Pictures stay out of the copy. Retype exactly the lines below from the one with "This paper presents" through the one with "GBP/USD Forecast and".

[[ MATERIAL SHOWN, beginning ]]

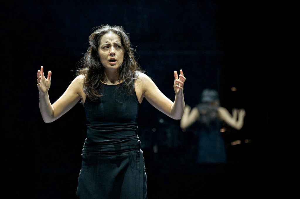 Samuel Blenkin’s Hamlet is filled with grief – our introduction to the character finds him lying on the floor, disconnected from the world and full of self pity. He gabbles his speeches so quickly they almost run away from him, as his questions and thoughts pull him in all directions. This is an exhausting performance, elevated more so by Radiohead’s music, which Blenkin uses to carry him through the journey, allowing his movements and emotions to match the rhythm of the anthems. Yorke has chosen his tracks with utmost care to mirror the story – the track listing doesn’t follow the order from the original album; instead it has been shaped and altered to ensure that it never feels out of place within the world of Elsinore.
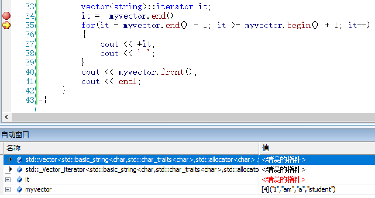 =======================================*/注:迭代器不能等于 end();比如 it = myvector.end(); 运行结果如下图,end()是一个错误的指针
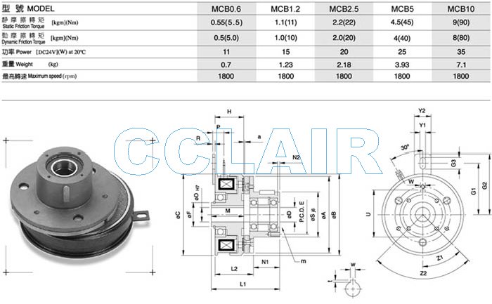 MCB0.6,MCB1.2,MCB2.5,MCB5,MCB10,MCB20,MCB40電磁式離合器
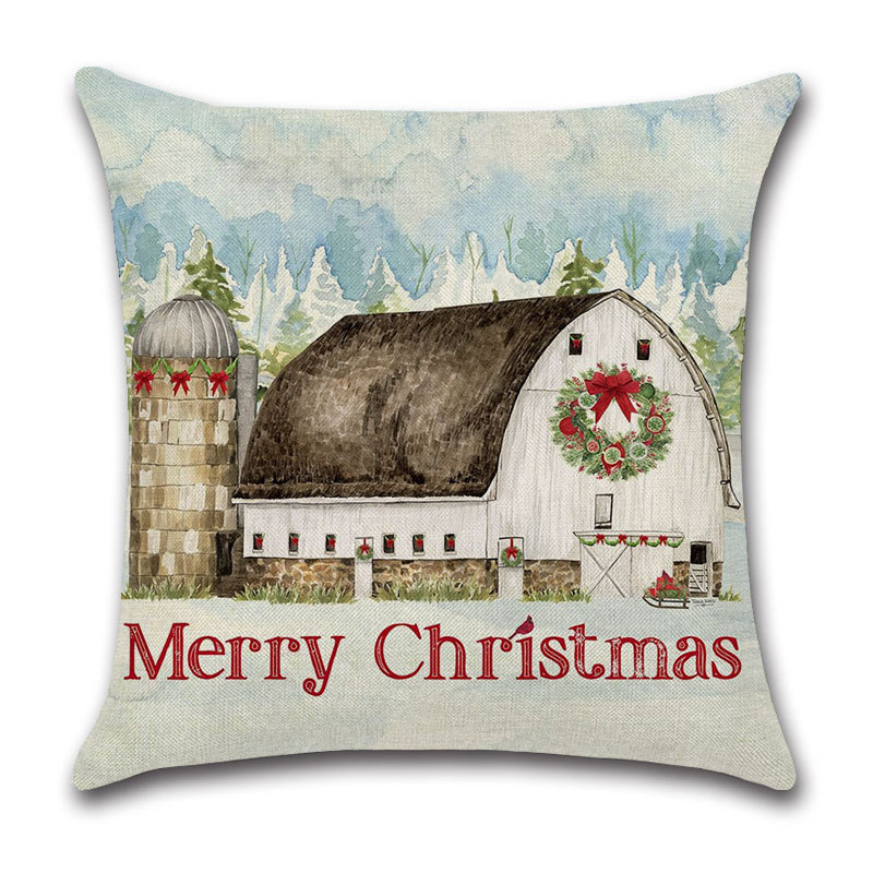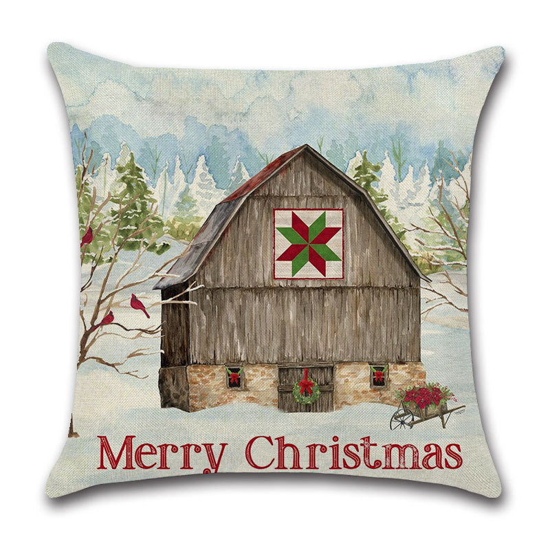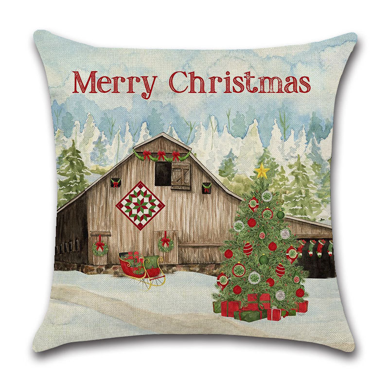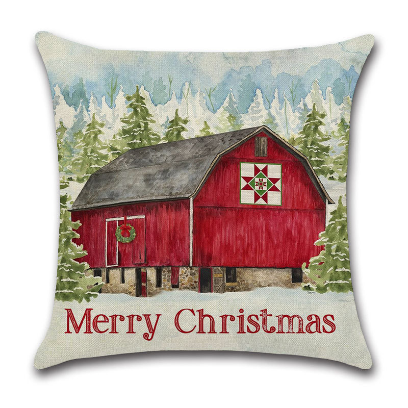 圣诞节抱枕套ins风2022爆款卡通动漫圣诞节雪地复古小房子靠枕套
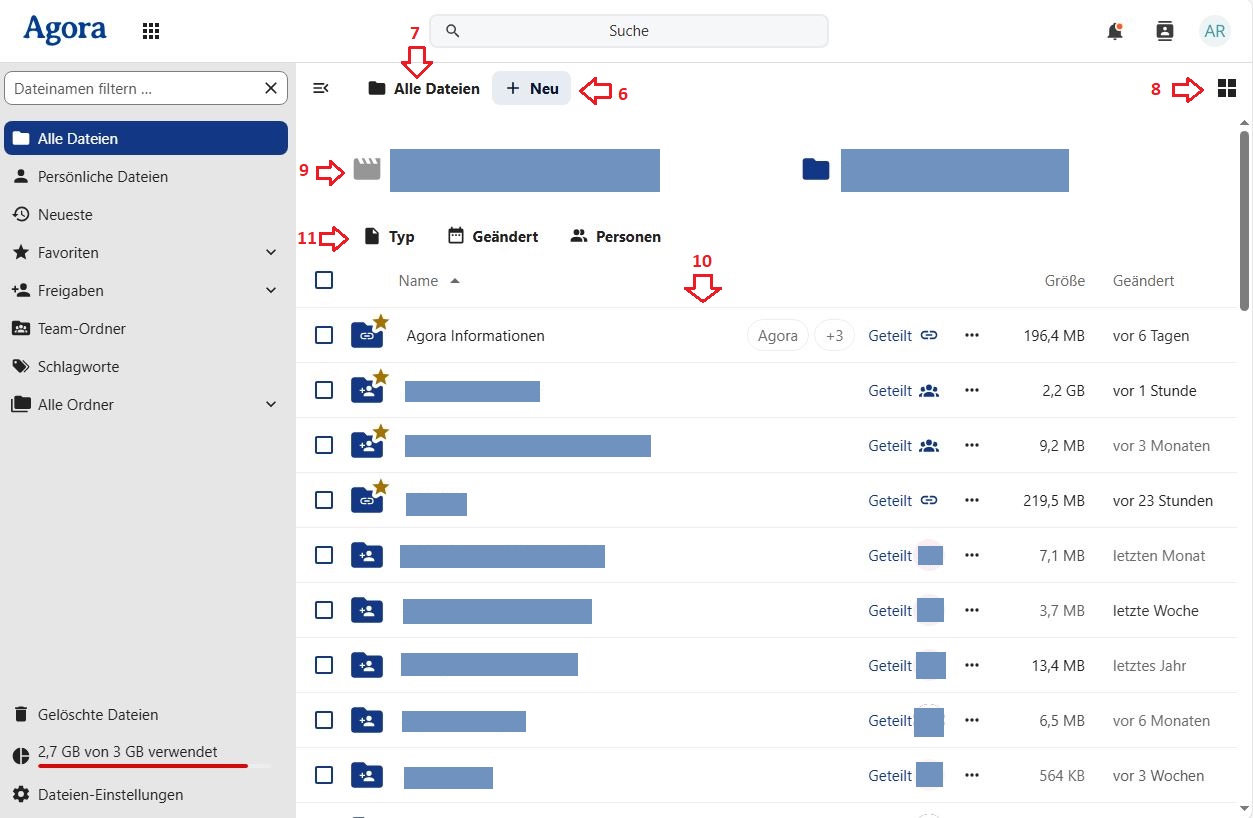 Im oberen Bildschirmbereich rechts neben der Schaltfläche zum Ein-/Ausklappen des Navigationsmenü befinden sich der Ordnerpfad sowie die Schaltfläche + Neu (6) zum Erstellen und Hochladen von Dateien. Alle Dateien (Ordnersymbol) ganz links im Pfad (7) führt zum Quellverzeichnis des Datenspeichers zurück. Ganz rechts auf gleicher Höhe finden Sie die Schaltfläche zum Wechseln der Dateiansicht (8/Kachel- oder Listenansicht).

[[ MATERIAL SHOWN, end ]]
[[ MATERIAL SHOWN, beginning ]]

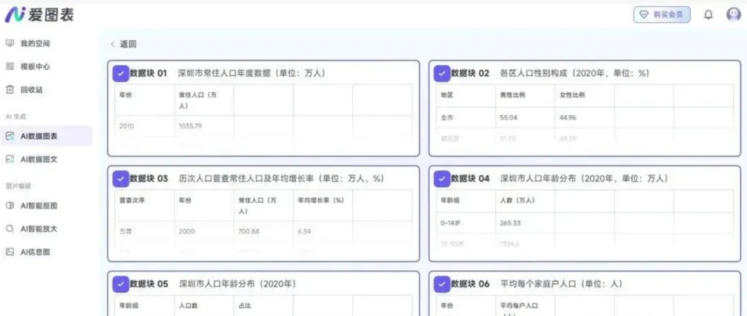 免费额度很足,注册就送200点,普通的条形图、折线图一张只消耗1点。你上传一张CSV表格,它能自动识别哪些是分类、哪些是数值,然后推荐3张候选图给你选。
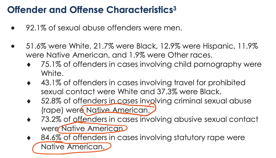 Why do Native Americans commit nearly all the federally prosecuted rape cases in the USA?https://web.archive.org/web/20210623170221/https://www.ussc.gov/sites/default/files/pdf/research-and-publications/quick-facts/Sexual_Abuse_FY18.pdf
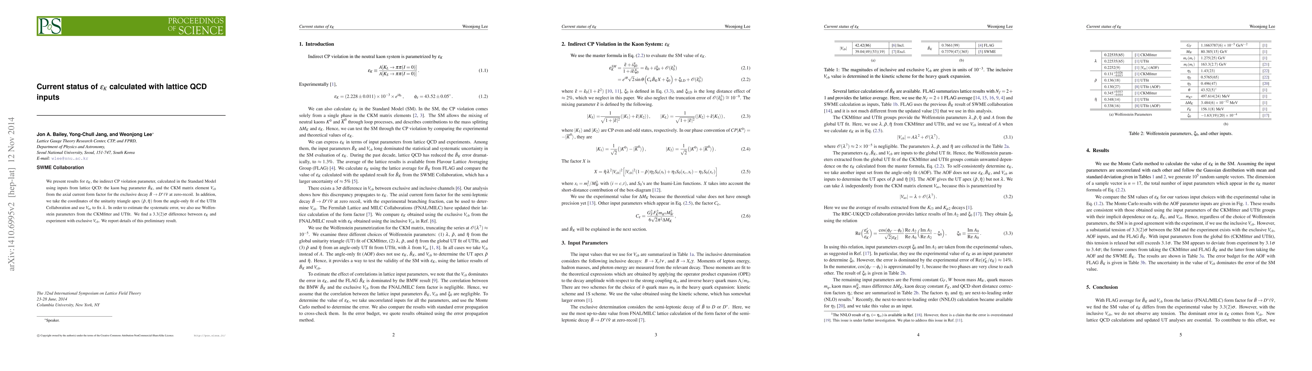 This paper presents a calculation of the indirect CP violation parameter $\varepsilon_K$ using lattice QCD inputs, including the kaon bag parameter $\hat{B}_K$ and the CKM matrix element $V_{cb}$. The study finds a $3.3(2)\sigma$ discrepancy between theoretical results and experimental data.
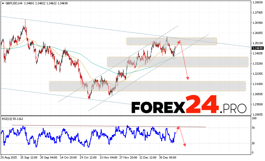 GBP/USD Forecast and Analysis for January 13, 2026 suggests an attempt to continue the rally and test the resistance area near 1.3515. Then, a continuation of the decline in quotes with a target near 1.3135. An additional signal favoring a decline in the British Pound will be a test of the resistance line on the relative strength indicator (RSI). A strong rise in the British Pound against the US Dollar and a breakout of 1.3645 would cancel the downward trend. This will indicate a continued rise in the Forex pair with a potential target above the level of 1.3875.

[[ MATERIAL SHOWN, end ]]

RESPONSE TO THIS TASK:
 This paper presents a calculation of the indirect CP violation parameter $\varepsilon_K$ using lattice QCD inputs, including the kaon bag parameter $\hat{B}_K$ and the CKM matrix element $V_{cb}$. The study finds a $3.3(2)\sigma$ discrepancy between theoretical results and experimental data.
 GBP/USD Forecast and Analysis for January 13, 2026 suggests an attempt to continue the rally and test the resistance area near 1.3515. Then, a continuation of the decline in quotes with a target near 1.3135. An additional signal favoring a decline in the British Pound will be a test of the resistance line on the relative strength indicator (RSI). A strong rise in the British Pound against the US Dollar and a breakout of 1.3645 would cancel the downward trend. This will indicate a continued rise in the Forex pair with a potential target above the level of 1.3875.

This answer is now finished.